Ketua POGI Wilayah Maluku, dr. Janne Pattiasina mengatakan, persoalan stunting tidak dapat hanya dibebankan kepada pemerintah, tetapi membutuhkan keterlibatan seluruh pihak, termasuk organisasi profesi dan tenaga kesehatan.

“Stunting ini bukan hanya tugas pemerintah, tetapi menjadi tugas kita semua.
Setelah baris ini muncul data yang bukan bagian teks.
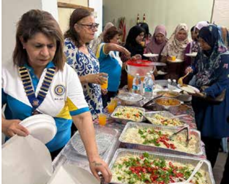
Buka Puasa for Lembah Subang PPR flats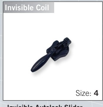
Invisible Autolock Slider with "Teardrop" pull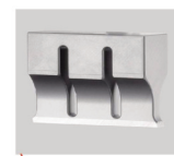
TITANIUM SONOTRODE 20 kHz

DO YOU WANT SAVE TIME DURING TEXTILE CORD SPLICING?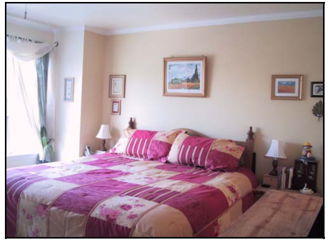
Master Suite with large bay window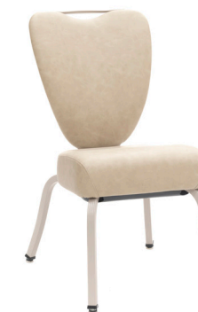
SHIELD BACK SLA-102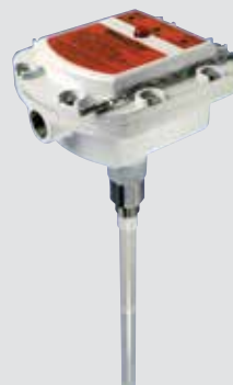
PRO AUTO-CAL Auto-Calibrating Capacitance Probe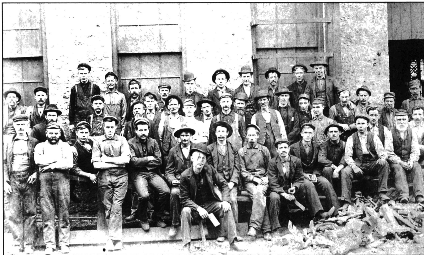
A group of workers outside the Goldie & McCulloch Foundry circa 1890.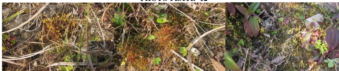
Figures 57-59: Polytrichum commune —community, note that the community having male as well as female plants, male having antheridial clusters and female having sporogonium on rocky substratum, underneath of shrubby vegetation nearby; Polytrichum commune —an endohydric moss community growing underneath tree shade on mildly acidic soil, the hairy cap coming out from capsule so the name hairy cap moss.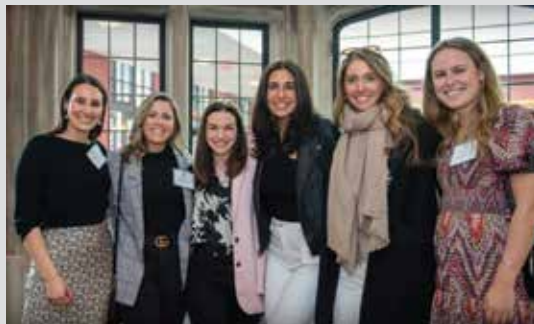
Newton Country Day Reunion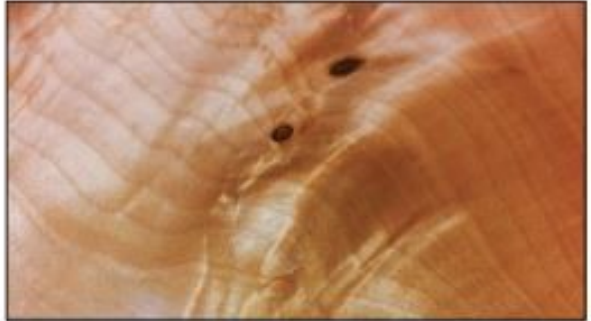
Figure in maple bowl by Dave Schell.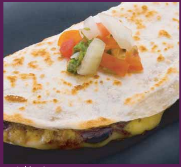
10. Golden Sunrise

These adobo marinated tender chicken strips are coated with fresh tortilla chips and fried to a golden brown. Served with chipotle mayonnaise.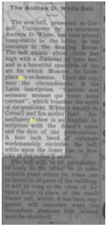
Cornell Daily Sun, XV(1), 27 Sept. 1894

From another article, a bit blurry, alas, but still legible, we learn about yet another benefaction from President White—a Russian bell, still preserved in the magnificent White Room in Uris Library: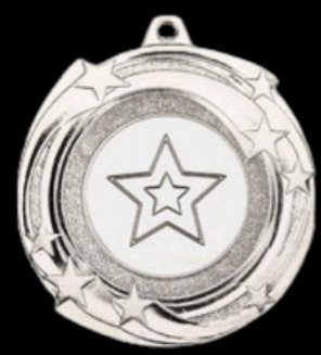
Score 100 - 119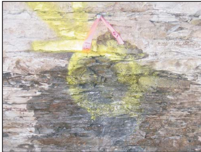
Seep 1: After cleanup of rock face (3/17/08).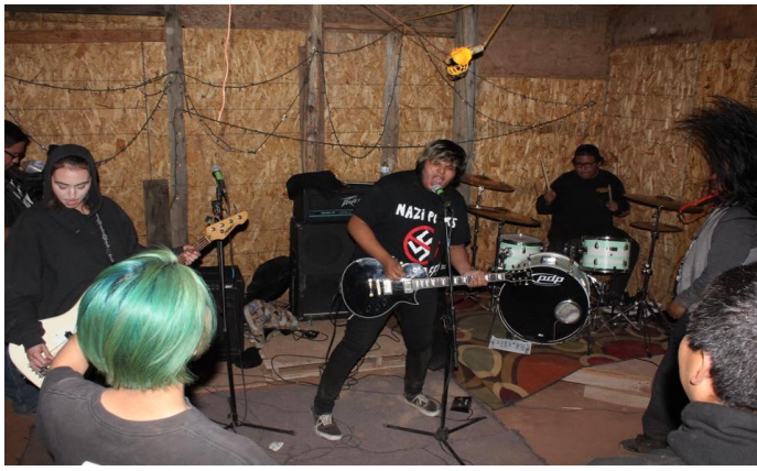
(Figure 9, the Ferrets, the Ferrets Facebook)

In examining survivance, Indigenous bands and musicians have been creatively building communities using punk aesthetics of D.I.Y. for venues, warehouses, skateparks, studios, backyard shows, despite rural areas and limited resources imposed by U.S Government. There are also desert festivals and house shows thrown by bands and promoters in the D.I.Y. fashion. In the case of some Indigenous communities from more rural, desert areas, they have had difficulties due to location that ranged from rationed internet, to gigs and shows that were far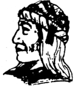
UGWA DEHOLUN YATEHE

Because of the help of this Oneida Chief in cementing a friendship between the six nations and the Colony of Pennsylvania, a new nation, the United States was made possible.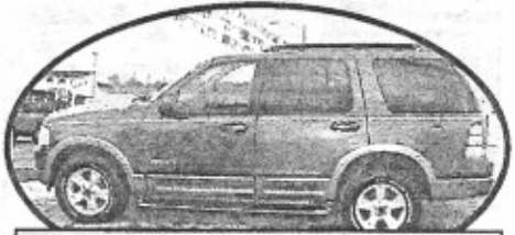
2004 Ford Explorer, Eddie Bauer Edition, 3rd row seating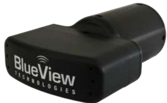
P450-45 2D Imaging Sonar

"The new P450 Series is a multibeam imaging sonar game changer, the real-time feedback coupled with the expanded detection range exceeds anything out there," stated Jason Seawall, BlueView COO. Seawall added "these new systems are perfect for work-class ROVs,

POGI juga memiliki tanggung jawab, untuk ikut membantu pemerintah dalam upaya pencegahan dan penanganan stunting,” kata Janne, saat dihubungi dari Ambon, Sabtu (22/8/2026).

Menurutnya, keterlibatan POGI akan terus diarahkan pada upaya promotif dan preventif, terutama dalam meningkatkan pemahaman masyarakat mengenai pentingnya kesehatan ibu dan anak.
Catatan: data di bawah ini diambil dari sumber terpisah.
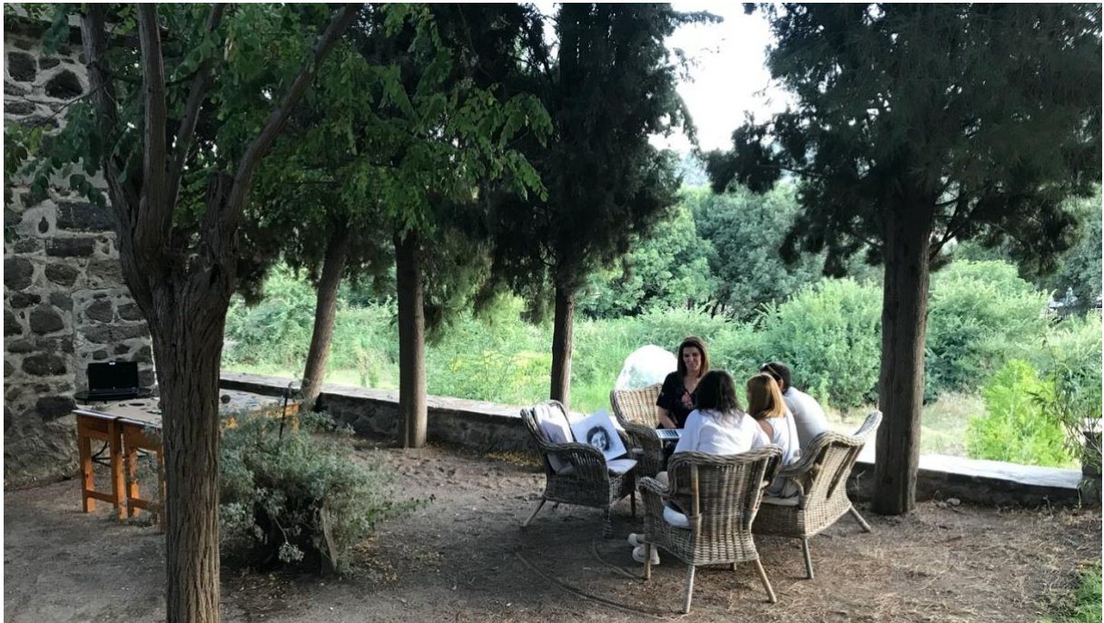
Image 1: The course takes place at Metochi study centre in Lesvos, Greece

https://www.uia.no/en/studies2/encounters-between-arts-ethnography-and-pedagogy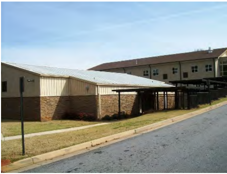
07-Mar-2011 Northwest Elevation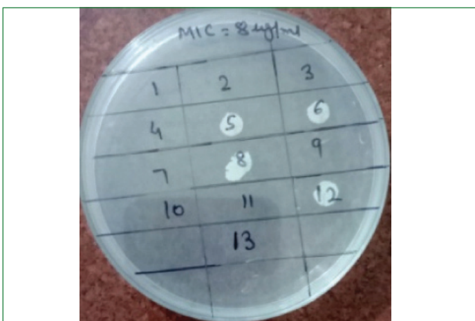
[Table/Fig-3]: Vancomycin agar dilution method with \text{MIC} 8 \mu\text{g}/\text{mL} .

Janne menjelaskan, pencegahan stunting perlu dilakukan sejak sebelum kehamilan, selama masa kehamilan, hingga periode 1.000 hari pertama kehidupan anak.

Karena itu, perhatian terhadap kesehatan ibu menjadi salah satu bagian penting, dalam memutus mata rantai stunting.

Ia menilai, kolaborasi antara POGI, Pemkot Ambon, Dinas Kesehatan, fasilitas pelayanan kesehatan, pihak swasta, serta masyarakat perlu terus diperkuat, agar berbagai program pencegahan stunting dapat berjalan secara berkelanjutan.

“Dengan adanya dukungan dari POGI dan seluruh pihak yang terlibat, kita berharap angka stunting di Kota Ambon dapat terus ditekan,” ujarnya.

Janne menambahkan, upaya tersebut membutuhkan kerja bersama, dan tidak bisa dilakukan secara parsial.

Edukasi kepada calon ibu dan ibu hamil, pemeriksaan kehamilan secara rutin, pemenuhan gizi, serta pemantauan tumbuh kembang anak harus menjadi perhatian bersama.

POGI Wilayah Maluku, kata dia, akan terus membuka ruang kolaborasi dengan pemerintah daerah dan swasta, dalam mendukung program kesehatan ibu dan anak, termasuk upaya percepatan penurunan stunting di Kota Ambon.

“Yang paling penting adalah, bagaimana kita bersama-sama memberikan kontribusi sesuai dengan tugas dan kapasitas masing-masing. Kalau semua pihak bergerak bersama, tentu upaya menekan stunting akan lebih maksimal,” tandasnya.